The Meg Wendy is typically built as a 7.25 or 7.5 inch narrow-gauge locomotive.

Castings are available from Wellington Foundry.

Blackgates Engineering offers similar locomotives, the "Sweet William" and "Sweet Pea".

Most Meg Wendys were designed to use the Hackworth valve gear. Later models used Marshall valve gear.

Testimonials

Bill Laird wrote, 18 December 2002:

The MEG Steam engines are very easy to build and plans are good (not perfect, have some errors, but overall good). However, the two as built engines they offer are not American and to my eye ugly. But, the frame, cylinders, running gear, and boiler plans are a good way to start. Buy the plans, study them, get creative and design your own locomotive. I know of seven locomotives built or under construction in central Texas based on the MEG Steam plans, none of which look like any other. The MEG Steam engines are 0-4-0's with saddle tanks.
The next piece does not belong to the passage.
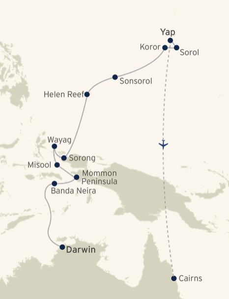 Sorong is your departure point from the Indonesia region. Lushmountains covered with forest surround the town and fishing is amajor part of the local economy. Go ashore to visit theSorong Nature Conservation Park to see the big old trees plantedby the Dutch many years ago. You will also be welcomed by the MoiTribe, the owners of the land, who are culturally unique from otherpeoples in the surrounding regions. Enjoy demonstrations such as
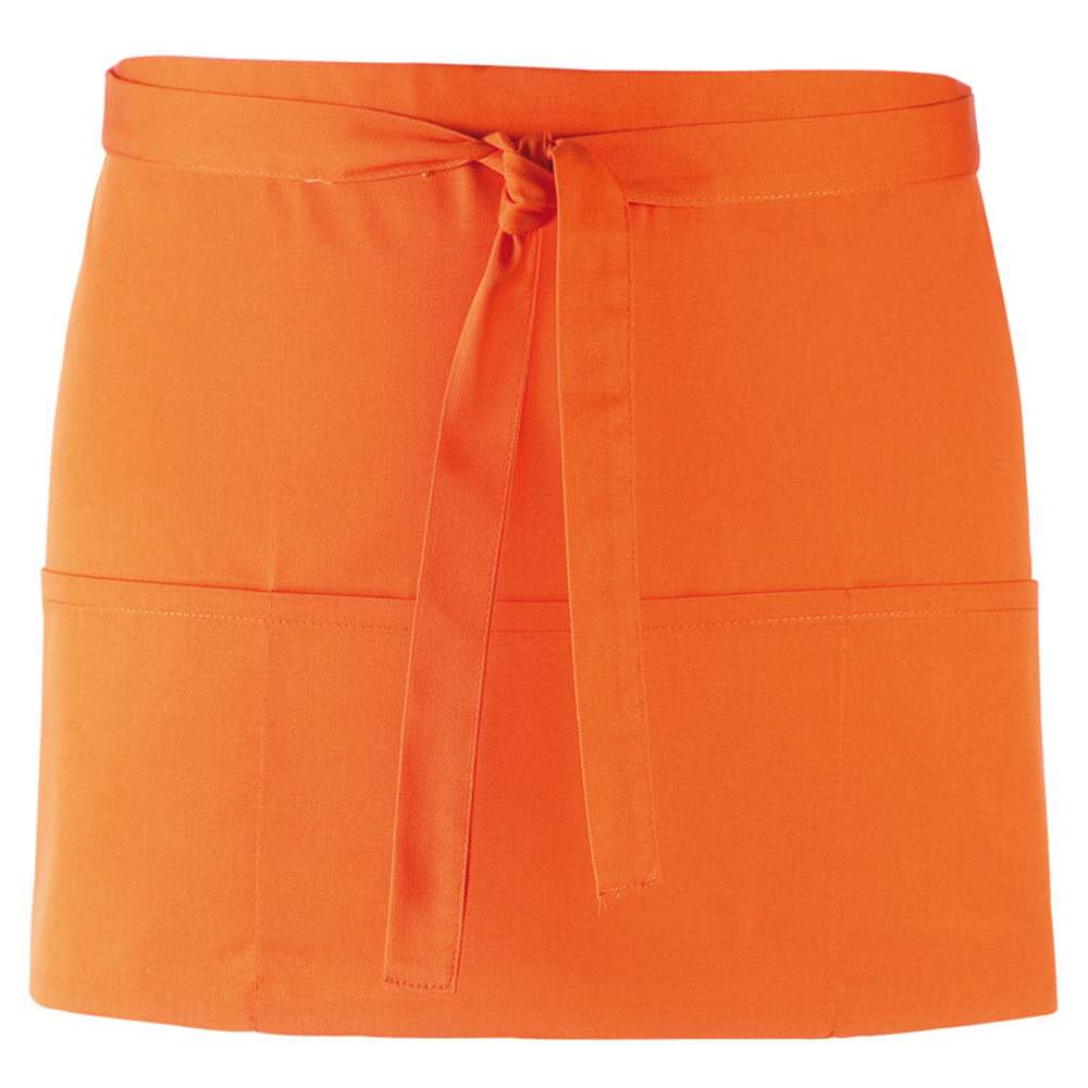 Ten krótki fartuch ma trzy otwarte kieszenie i jest dostępny w szerokiej gamie kolorów. Kieszenie są idealne do przenoszenia terminali płatniczych i tabletów. Wstążka zapięcia w ciągłości tkaniny o długości 90 cm. Szerokość 60 cm, Długość 33 cm. Skład: 65% poliestru, 35% bawełny (z wyjątkiem koloru denim: 70% bawełny, 30% poliesteru twill). Ten fartuch można spersonalizować poprzez haftowanie, co pozwala dodać logo lub wizualne elementy dla jasnej identyfikacji marki.

In Texas in the summer the water in the tanks gets so hot the injectors will not pick up. We scrapped the tanks on the locomotive and added tenders. I am personally building a 2-4-0 Porter based on the MEG Steam design and I know of other 0-4-0's, 2-4-0's, and 2-4-2's under construction all based on the MEG Steam plans. They are a great place to start kit bashing a locomotive. I have found Dougal of MEG Steam sometimes difficult to get in touch with, but eventually you can. Shipping can be slow. One of the first cylinder castings he sent me had a void in it, discovered after 2 full days of machining on it. I contacted him and he asked me to send it back and he did replace it several weeks later with a new casting. I know of two other cylinder castings he sent out with similar problems, eventually all replaced with new castings.

Construction

Bill Laird wrote August 2016:

How I built my frames.
I bought a cheap hollow core door and set it on a pair of saw horses. I used it as a drafting table. I covered it with white butcher paper. Then I drew a full sized drawing of the frame with all holes located and the outline of the frame. I cut the frame material to length on a horizontal bandsaw. I then marked the outline on the frames using Dykem layout fluid and a carbide scribe referencing the full sized drawing on the butcher paper. I then used a handheld saber saw with a metal cutting blade (buy several blades) to cut the outline of both frames. Get some beeswax and frequently rub the beeswax on the saber saw blade, it keeps the blade from clogging and acts as somewhat of a cooling lubricant. Cut out the axle box cutouts about 1/16" undersized. Then I clamped the two cutout frames together back to back with several clamps. I clamped the two clamped frames to the bed of the mill with several 1/2" thick pieces of hardwood about an inch wide spread evenly under the frames for clearance of tooling below the frames and above the mill bed. I squared the frames with the X axis of the mill. Then referencing the full sized drawing I used the X -Y adjustment dials of the mill to locate each hole. I double checked each hole location using the full sized drawing and a metal ruler with 1/64" markings. Once positively located each hole was first center drilled then step drilled out to the finished size. The frames were longer than my mill bed so half way through I had to move the frames on the mill bed and re-square them on the X axis. After drilling all the holes I used an end mill to square up the axle box cutouts to their finished size. This procedure insures both frames are identical. Go slow with the saber saw and you will end up with a good finished set of frames.